We studied 20 Mediterranean families (40 patients) with autosomal recessive hereditary spastic paraplegia and thin corpus callosum (ARHSP-TCC, MIM 604360) to characterize their clinical and genetic features. In six families (17 patients) of Algerian Italian, Moroccan, and Portuguese ancestry, we found data consistent with linkage to the SPG11 locus on chromosome 15q13-15, whereas, in four families (nine patients of Italian, French, and Portuguese ancestry) linkage to the SPG11 locus could firmly be excluded, reinforcing the notion that ARHSP-TCC is genetically heterogeneous.
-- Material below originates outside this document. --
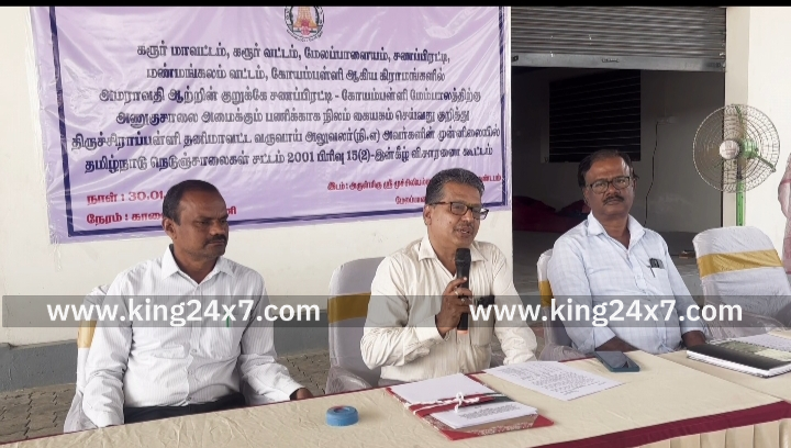 கரூரில் பல கோடி ரூபாய் மதிப்பில் கட்டி மக்கள் பயன்பாட்டிற்கு கொண்டுவரப்படாத பாலத்திற்கு இணைப்பு சாலை அமைக்க பொதுமக்கள் கருத்து கேட்பு கூட்டம் நடைபெற்றது. கரூர் மாவட்டம் மன்மங்கலம் தாலுக்கா மேலப்பாளையம்-கோயம்பள்ளி இடையே அமராவதி ஆற்றின் குறுக்கே பல கோடி ரூபாய் மதிப்பில் கடந்த அதிமுக ஆட்சியில் போக்குவரத்து துறை அமைச்சராக இருந்த செந்தில் பாலாஜியினுடைய முனைப்பால் பாலம் கட்டி முடிக்கப்பட்டது. ஆனால் சில காரணங்களுக்காக அந்தப் பாலப்பணிகள் முடிவடைந்தும் பாலத்திற்கான இணைப்பு சாலை அமைக்கப்படாமல் இருந்தது. இதனால் அமராவதி ஆற்றின் இரு கரை பகுதிகளில் வசிக்கக்கூடிய விவசாயிகள், பொதுமக்கள், மாணாக்கர்கள் இந்த பாலத்தை பயன்படுத்த முடியாமல் அவதிப்பட்டு வந்தனர். இது தொடர்பாக பலமுறை மாவட்ட நிர்வாகத்திற்கும், சம்பந்தப்பட்ட துறை அதிகாரிகளுக்கும் முறையிட்டும் இணைப்பு சாலை அமைக்கப்படவில்லை. அண்மைக்காலமாக இது தொடர்பாக சமூக வலைத்தளங்களில் கேள்வி எழுப்பப்பட்டது. இதன் தொடர்ச்சியாக விரைவில் இணைப்பு சாலை அமைக்கப்படும் என முன்னாள் அமைச்சர் செந்தில் பாலாஜி கடந்த மாதம் தெரிவித்தார். இதனைத் தொடர்ந்து இன்று மேலப்பாளையம் பகுதியில் உள்ள கோவில் மண்டபத்தில் பாலத்திற்கு இணைப்பு சாலை அமைக்க நிலம் கையாக படுத்த வேண்டி இருப்பதால் அது தொடர்பாக பொதுமக்கள் கருத்துக்கேற்ப கூட்டம் திருச்சி மாவட்ட நில எடுப்பு உதவி ஆட்சியர் சரவணன் தலைமையில் நடைபெற்றது. இந்த கூட்டத்தில் நிலமெடுப்பு துறை டிஆர்ஓ ரம்யா தேவி, ஈரோடு நபார்டு கோட்ட பொறியாளர் முருகேசன், கரூர் ஏ டி ஏ திருமால் செல்வன் உள்ளிட்ட அதிகாரிகளும் சம்பந்தப்பட்ட கிராம பெரியவர்களும் ஊர் பொதுமக்களும் கலந்து கொண்டனர். எங்க கூட்டத்தில் இணைப்பு சாலை அமைப்பதற்கு ஏற்கனவே வரைவு செய்யப்பட்ட நிலத்தை கையகப்படுத்துவது தொடர்பாக பொதுமக்களின் கருத்துக்களை அதிகாரிகள் கேட்டனர். பல வருடங்களாக இந்த திட்டம் செயல்படுத்தாமல் இருந்தமைக்கு பொதுமக்கள் முதலில் எதிர்ப்பு தெரிவித்த போதும் விரைவில் பாலத்தை மக்கள் பயன்பாட்டுக் கொண்டு வர சாலை அமைக்க வேண்டும் என கோரிக்கை விடுத்தனர்.

Patients from linked and unlinked families could not be distinguished on the basis of clinical features alone. In SPG11-linked kindred, haplotype reconstruction allowed significant refinement to 6 cM, of the minimal chromosomal interval, but analysis of two genes (MAP1A and SEMA6D) in this region did not identify causative mutations. Our findings suggest that ARHSP-TCC is the most frequent form of ARHSP in Mediterranean countries and that it is particularly frequent in Italy.

摘要

我们研究了20个患有常染色体隐性遗传性痉挛性截瘫和胼胝体变薄(ARHSP-TCC,MIM 604360)的地中海家庭(40名患者),以确定其临床和遗传特征。在6个具有阿尔及利亚、意大利、摩洛哥和葡萄牙血统的家庭(17名患者)中,我们发现的数据与15号染色体q13-15上的SPG11位点连锁一致,而在4个具有意大利、法国和葡萄牙血统的家庭(9名患者)中,可以明确排除与SPG11位点的连锁关系,这进一步证实了ARHSP-TCC在遗传上具有异质性的观点。仅根据临床特征无法区分来自连锁和非连锁家庭的患者。在与SPG11连锁的家族中,单倍型重建使最小染色体区间显著缩小至6厘摩,但对该区域的两个基因(MAP1A和SEMA6D)进行分析未发现致病突变。我们的研究结果表明,ARHSP-TCC是地中海国家中最常见的ARHSP类型,在意大利尤为常见。